Terça-feira, 15 / 05 / 2012

Folha de São Paulo
"Crise europeia derruba mercados" 

Dólar dispara, chega a alcançar R$ 2 e fecha a R$ 1,99; Bovespa recua 3,2% e quase anula os ganhos deste ano

O prolongado impasse político na Grécia, novas preocupações com o futuro do euro e a derrota eleitoral do partido da chanceler da Alemanha, Angela Merkel, derrubaram os mercados. Com as incertezas, os investidores do mundo todo fugiram das aplicações de maior risco para buscar opções mais seguras, como os títulos públicos dos EUA.

O Estado de São Paulo
"Risco grego para o euro afeta bolsas e dólar encosta em R$ 2" 
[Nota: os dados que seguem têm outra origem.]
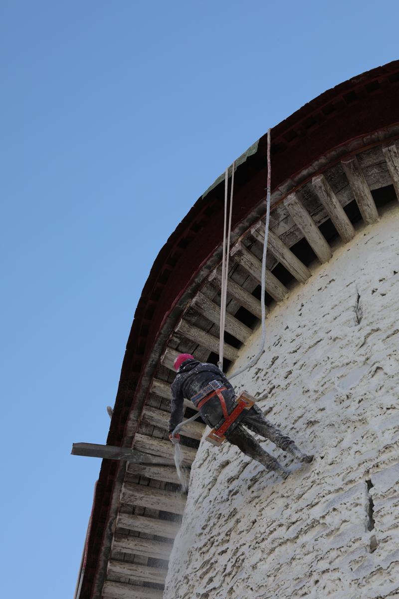 Los residentes de Lhasa se unen para pintar el Palacio de Potala como parte de la tradición anual (4)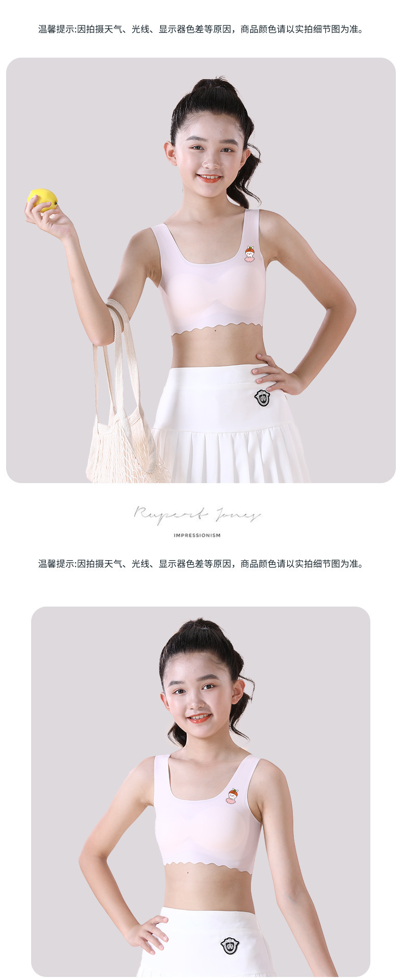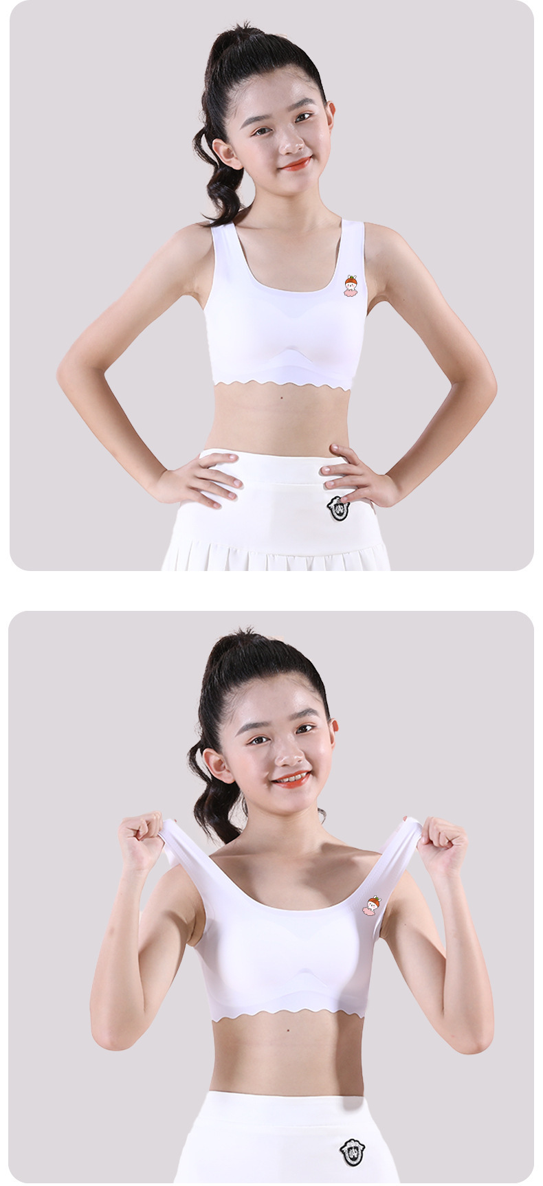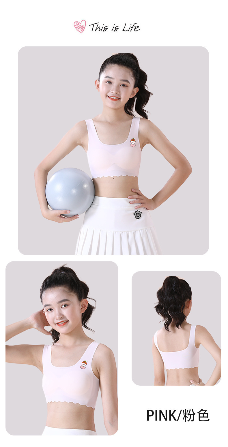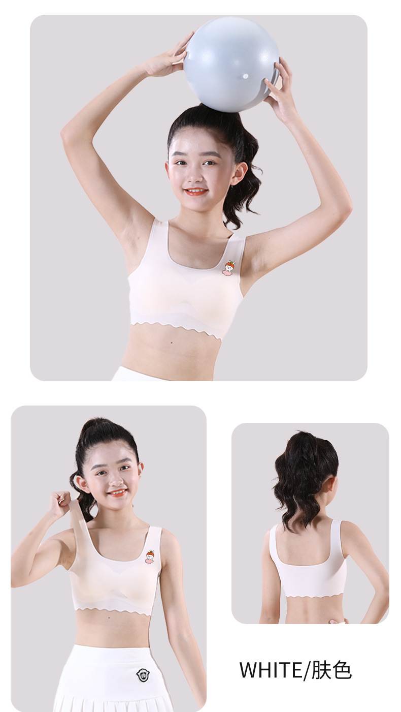 여학생용 아이스 실크 속옷, 중학생, 여아, 초등학생, 조끼, 스포츠 얇은 튜브탑

Mercados desabam em meio a impasse político que pode levar a situação inédita na União Europeia

A instabilidade política na Grécia provocou ontem nova onda de choque no mercado financeiro global. Preocupados com a possibilidade da saída de Atenas da zona do euro, os investidores levaram as bolsas de valores ao vermelho. No Brasil, o dólar se aproximou de R$ 2 e o Ibovespa fechou no menor nível do ano. Pesaram para os investidores as recentes declarações de autoridades da UE segundo as quais a Grécia terá de sair do euro se não cumprir os acordos de austeridade. Em outro sintoma da crise, a agência de classificação de risco Moody’s anunciou o rebaixamento no crédito de 26 bancos italianos. Em meio ao impasse para a formação de novo governo, o presidente da Grécia, Carolo Papoulias, propôs ontem a criação de um gabinete de “notáveis”, isto é, pessoas de fora dos círculos políticos. A proposta deve ser discutida até quinta-feira. Se for rejeitada, novas eleições serão convocadas.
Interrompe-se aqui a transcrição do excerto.